③生徒はそれぞれでより良い文構成のため個別の指針を作成し、長期間使用するようになる。

・これらの技術に対する生徒の反応はおおむね好意的である
→上記と同様の質問をしたところ、29名のうち、28名がライティングとその課題の見直しが文構成能力の向上に役立つと回答しており、どれだけ向上したかという質問に対しては5段階評価で平均が4.03と、peer feedbackと同様の数値となった。

6. 結論
・ライティング力を向上させるには、フィードバックを有効的に適用することができるようになるということが大切である。しかし、フィードバックは学習者自身が積極的に課題に取り組み、分析して評価する気がないと効果を発揮することができない。このためには、下書き作成段階でpeer feedbackを行うことが重要
→学習者が自分でどのフィードバックを適用するべきなのかということを考える必要がでてくるため。

・教師によるフィードバックは長期的な視点で捉えたライティング力の改善という目的において有効
→5章で述べた方法を用いることによって、その時点で扱っている課題に限らず、将来の作文においてもフィードバックを生かすことができる。さらに、このタスクは高度の評価力と判断力を含んだものとなるため、フィードバックが経る精神的処理を増加させることになる。このことは学習者がよりフィードバックを内面化させるのに役立ち、長期的な改善につながる。

・フィードバックの種類についてはたくさんの意見が存在するが、どれも学習者に読み手の視点からの意見、作文を客観的に捉えた感想を与えることによって、ライティング力を向上させることに役立つということがわかっている。

・これまでに述べた著者のフィードバックの適用方法は、学習者がライティングに自発的に取り組み、また長期的にみたライティング力の向上においても貢献することができる。

考察
①Peer feedbackは、評価する側もモチベーションが高くなければあまり効果が得られないのではないか。また、そのモチベーションを上げるためにはどのような方法があるのか。

②生徒にフィードバックをするよう指示しても、やり方がわからないのではないか。

③下書き段階での教師によるフィードバックを学習者に明示しなかった場合、どの程度適用するのか、また明示した場合との差は見られるのか。

④教師のフィードバックがなぜ必ず必要なのか。

議論
①peer feedbackの内容も教師が評価することでモチベーションを向上させることはできるのではないか。

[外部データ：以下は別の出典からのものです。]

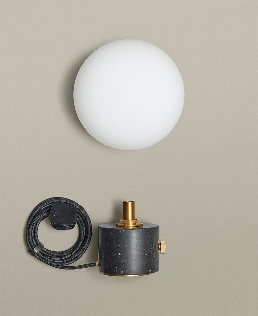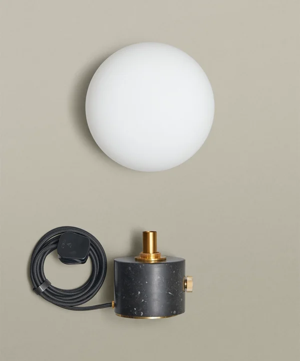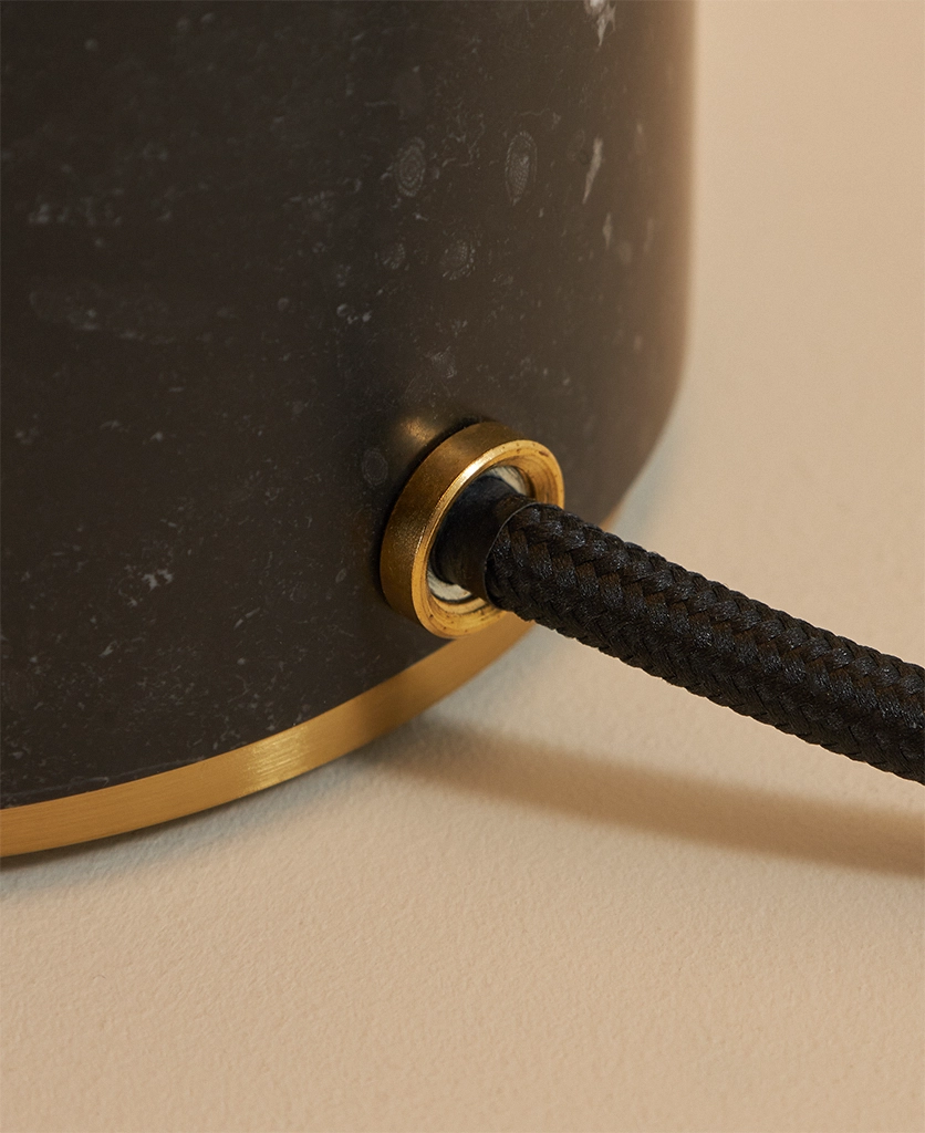 - Origins: marble base from Thailand, shade and components from China, inline switch, plug from the UK, fabric cable from Italy, and hand-assembled in Yorkshire

②フィードバックの指導書を作成する、指導方法を教授するなどの工夫が必要。

③実際の調査、研究が必要。

④最終的な評価、peer feedbackでは気づかれなかった間違いについての言及をおこなうため。また、教師によるフィードバックを生徒が最終的に見直さない可能性があるため、本論文での解決策として指示されている方法をとる。または、教師によるフィードバックをおこなった後もう一度完成品を提出させて、最終的には教師からのフィードバックを取り入れた原稿とそうでない原稿の二つを評価する、といった工夫が必要。